Datacast Episode 41: Effective Data Science with Eugene Yan
The 41st episode of Datacast is my conversation with Eugene Yan — an Applied Scientist at Amazon. Give it a listen to hear about his educational background in psychology and organizational behavior, his transition to Data Science at IBM, his experience moving up the data science ranks at Lazada Group, his online education via Georgia Tech, his work on machine learning at uCare.ai, his thoughts on agile/scrum development, culture, writing, and much more.
Listen to the show on: (1) Spotify, (2) Apple Podcasts, (3) Google Podcasts, (4) Stitcher, (5) Overcast, and (6) iHeart Radio!
Key Takeaways
Below are highlights from my conversation with Eugene.
On Working at IBM
I joined IBM as a Data Analyst and moved across projects. I first built dashboards and insights for IBM’s supply-chain processes. I then worked on social media analytics, figuring out the social voice for a couple of IBM’s clients. I was also involved with anti-money laundering, helping the big banks to detect those patterns and coming up with combating strategy.
I transitioned to an internal Data Scientist role within IBM’s Workforce Analytics group (thanks to my background in Psychology). I forecasted which jobs would be demand and then used those predictions to build an internal recommendation engine for IBM.
On Working at Lazada Group
I presented my Kaggle project on product classification at a meetup in Singapore. Coincidentally, people at Lazada saw my talk and were working on a similar problem. They gave me a chance to join as a data scientist.
I can’t tell you how many A/B tests I conducted that lost so much money for Lazada, but my colleagues gave me opportunities to fix them. We had better customer experience and product ranking system after those failed A/B tests.
As a senior data scientist, I stopped putting too much investment into the technical details. Instead, I helped scale the team, increase the outputs, design the right practices, and mentor team members. I had many one-on-one meetings to understand people’s career aspirations and find the right projects that align with their motivations. I found pleasure looking at team morale, customer satisfaction, and employee retention.

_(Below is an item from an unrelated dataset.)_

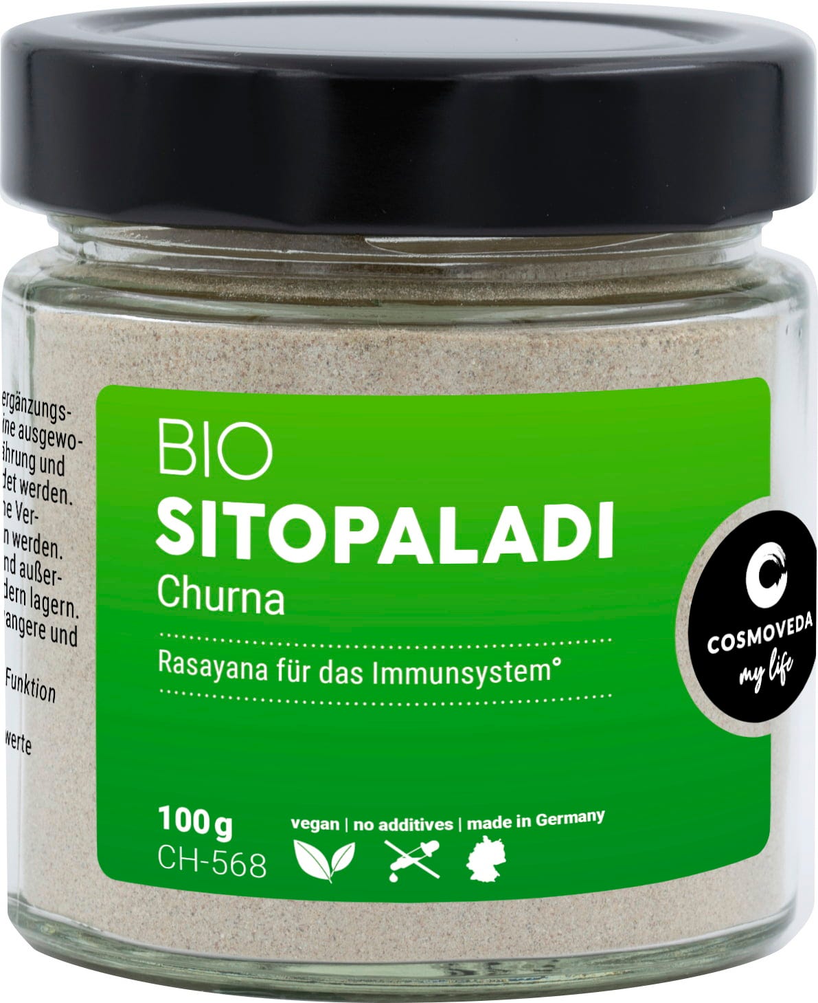 Bio Sitopaladi Churna di Cosmoveda contiene una miscela di erbe ayurvediche di pepe lungo, cardamomo, cannella, bambù e zucchero di canna grezzo, tutto in qualità biologica.
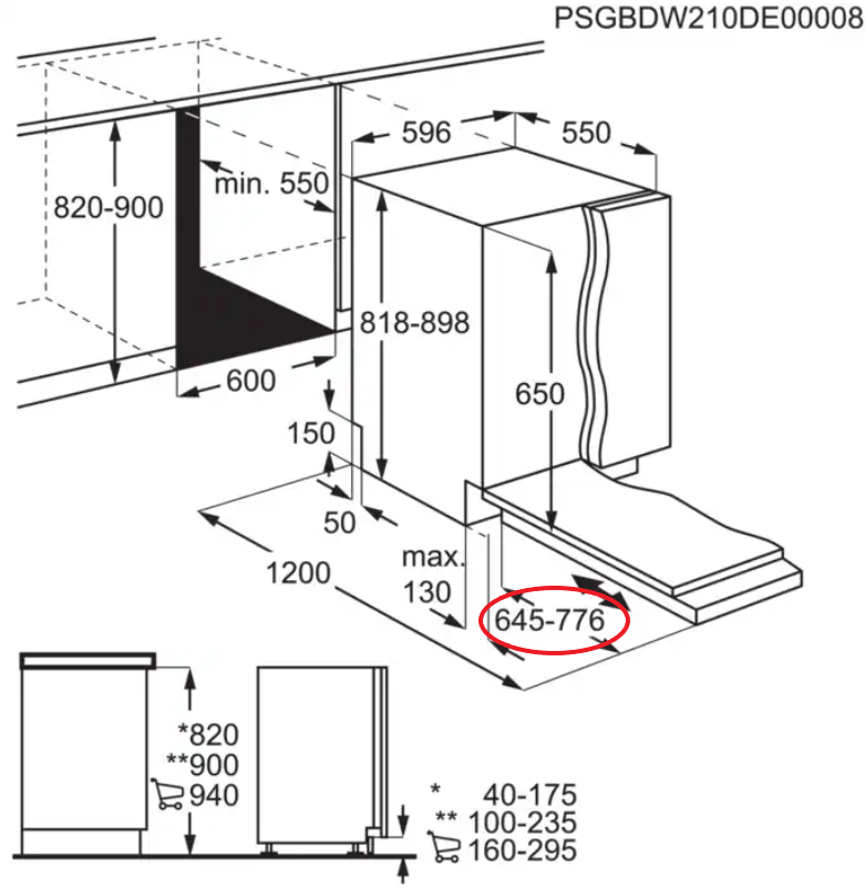 Wszystkie zmywarki do zabudowy Electrolux wyposażone są w zawiasy ślizgowe. Jest to jedyna zalecana metoda zabudowy zmywarki.

As a Vice President of Data Science, I was given 9 months to facilitate the migration of Lazada’s tech stack into Alibaba Group’s platform (due to the acquisition). We had the language barrier, as the Alibaba team mostly conversed in Mandarin and most of my team members didn’t speak Mandarin. We worked the 9–9–6 work routine and flew to China twice a week to meet the deadline.
I had a lot of interviews with people in the data science team to understand how to intently design a strong culture. I looked up to Amazon and Netflix as examples. The 5 cultural practices that I emphasized include ownership, collaboration, communication, research and innovation, and impact.
On Pursuing an MS Degree at Georgia Tech
I suffered from chronic imposter syndrome. While I learned a lot about data science and programming on my own via Coursera, I felt like I was lacking the fundamentals and the structured format of schooling. Georgia Tech is really cheap, the professors are world-class, and the program could be completed part-time.
In order to study and work simultaneously, I allocated 20–40 hours per week (mostly on weekday nights and weekends) for the lectures and assignments. The video lectures are on-demand, so I can watch them asynchronously. Class participation happened in Slack and forum, which I found to be even better than in-person classrooms.
On Working at uCare.AI
In healthcare, if you use data science to recommend a treatment, suggest a diagnosis, or estimate a hospital bill, your customers want to know the reasons leading to that output. There is a higher bar for model explainability and false positives outcomes.
The financial incentive for data science in healthcare is not yet mature. It is very difficult to change patient behavior and reduce the financial burden for the healthcare system.
On Working at Amazon
In 2019, I wanted to get out of my comfort zone and actively applied for overseas roles. In preparing for interviews, I had some struggle with the live coding component, so I used Leetcode and HackerRank for practice. I had a lot of interviews at odd hours back in Singapore and had to fly overseas to do onsite interviews.
At Amazon, I am working on Kindle to help people find books easier via recommendation engines and understand user intent via natural language processing.
On Data Science + Agile Development
It’s important to iterate fast and time-box projects. I rather build a product that may work or may not work in two months, rather than spending two years on it.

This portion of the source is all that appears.